Artykuły

A kto umarł, wolnym już...

STRASZNY to dom strasznych kobiet, który ukazał nam hiszpański poeta dramaturg Garcia Lorca w swym ostatnim dramacie napisanym na miesiąc przed tragiczną śmiercią z rąk faszystów w wojnie domowej.

Wnętrze tego domu otwiera się przed widzem w chwili, gdy przy akompaniamencie żałobnych dzwonów wkracza do mieszkania trzynaście kobiet w żałobnych welonach. Z tych trzynastu kobiet pozostaje na dalsze akty na scenie siedem: owdowiała właśnie pani tego domu Bernarda i jej sześć córek, z których najstarsza ma czterdziesty rok, a najmłodsza jest jeszcze młodziutka i urocza.
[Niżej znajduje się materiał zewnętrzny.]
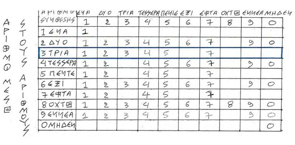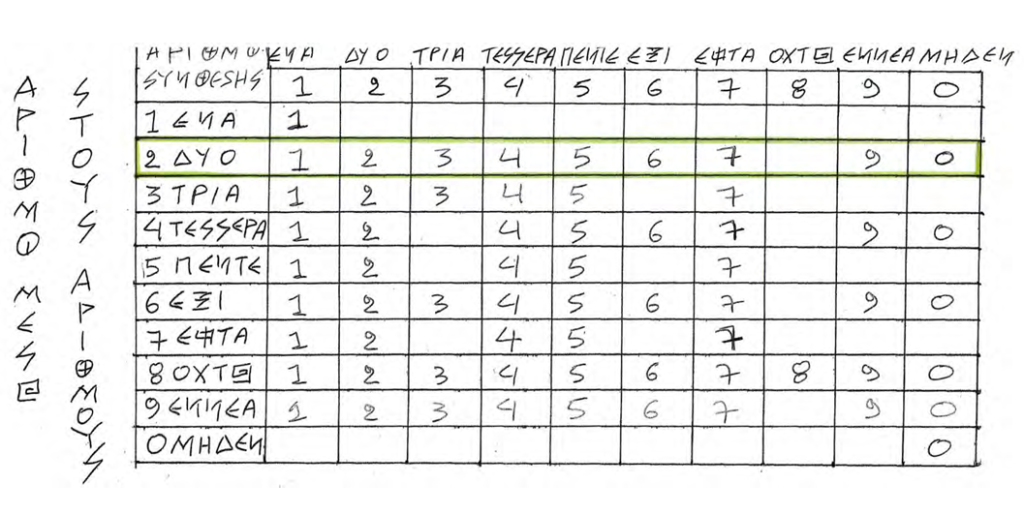 ΕΦΟΣΟΝ ΟΛΟΚΛΗΡΩΣΑΜΕ ΟΛΕΣ ΤΙΣ ΑΝΑΠΤΥΞΕΙΣ ΤΩΝ ΣΥΝΘΕΣΕΩΝ ΟΛΩΝ ΤΩΝ ΕΛΛΑΝΙΩΝ ΑΡΙΘΜΩΝ ΑΝΑΛΥΤΙΚΑ ΣΕ ΟΛΗ ΤΗΝ ΔΙΑΣΠΑΣΗ ΜΑΣ, ΣΤΟΝ ΠΑΡΑΠΑΝΩ ΠΙΝΑΚΑ ΔΙΑΓΡΑΦΟΝΤΑΙ ΟΛΑ ΤΑ ΑΠΟΤΕΛΕΣΜΑΤΑ ΤΩΝ ΣΥΝΘΕΣΕΩΝ ΚΑΙ ΤΩΝ ΣΥΝΔΕΣΕΩΝ ΚΑΙ ΤΩΝ 10 ΔΕΚΑ ΕΛΛΑΝΙΩΝ ΑΡΙΘΜΩΝ. ΒΛΕΠΟΥΜΕ ΣΤΟΝ ΣΥΓΚΕΚΡΙΜΕΝΟ ΧΑΡΤΗ ΚΑΙ ΠΙΝΑΚΑ ΜΑΣ ΠΟΙΟΥΣ ΑΡΙΘΜΟΥΣ ΕΧΕΙ ΣΤΗΝ ΣΥΝΘΕΣΗ ΤΗΣ ΔΗΜΙΟΥΡΓΙΑΣ ΤΟΥ Ο ΚΑΘΕ ΕΛΛΑΝΙΟΣ ΑΡΙΘΜΟΣ.

Sztuka jest dramatem tych kobiet.

Nad domem ciąży straszliwa tyrania Bernardy, utkana zdawałoby się z przesądów, purytanizmu graniczącego z obłędem, despotyzmu, dochodzącego do zbrodni. Bernardy, która woli widzieć swe rodzone dziecko martwe, niż w jej pojęciu zhańbione nielegalną miłością.

Nad domem ciąży jeszcze i inny dramat w postaci obłąkanej babki - matki Bernardy. Ów kontrast dziewcząt, spowitych w czerń i strasznej obłąkanej staruchy, przybranej w dziewczęcą różową suknię z kwiatami wplecionymi w siwe rozpuszczone na ramiona włosy - to jeden z najbardziej wstrząsających efektów tego dramatu.

Tę babkę gra Maria Dulęba.

Ukazuje się w czasie akcji na scenie tylko dwukrotnie, poprzedzona obłąkanym głosem najwyższej rozpaczy, rozlegającym się zza sceny. Za to, gdy się zjawia, gra w oczach widzów jak najbardziej kameralnie: najcichszym, nieledwie pieszczotliwym głosem wygłasza swe obłąkane prawdy. Ten kameralny ton w oddawaniu obłędu strasznej staruchy jest jeszcze wyraźniejszy przy drugim jej zjawieniu się w akcie ostatnim. Samo jej wejście jest tym dramatyczniejsze, że sytuacja w jakiej się zjawia jest napięta: noc, potajemna schadzka najmłodszej Alby, Adeli z narzeczonym najstarszej siostry, ułomna Martirio śledzi krok "występnej" siostry. I w tym momencie znowu ona w swej różowej szacie, z ofelijnymi gałązkami wplecionymi w białe włosy. W ramionach tuli, niczym małe dziecko, jagniątko i śpiewa mu najczulsze słowa.

Nie ma w tej grze Dulęby ani jednego momentu szarży, ani odrobiny taniości: najwyższa prostota gry trafiająca wprost do serca.

Kreacja Dulęby w roli Babki, Marii Józefy przejdzie do dziejów polskiego teatru.

Potworną matkę - tyrana, która zamyka swe córki w domu, jak w więzieniu, używając wszelkich środków do jakich uciekają się prześladowcy: szpiegowania, bicia, karania aż do doprowadzenia do śmierci gra Zofia Małynicz.

Z kamienną twarzą, na której nie zadrgała ani nuta uczucia, z zaciśniętymi zębami wypełnia to, co w swej bezmiernej średniowiecznej ciemnocie uważa za swój obowiązek. Małynicz stworzyli postać z jednej bryły.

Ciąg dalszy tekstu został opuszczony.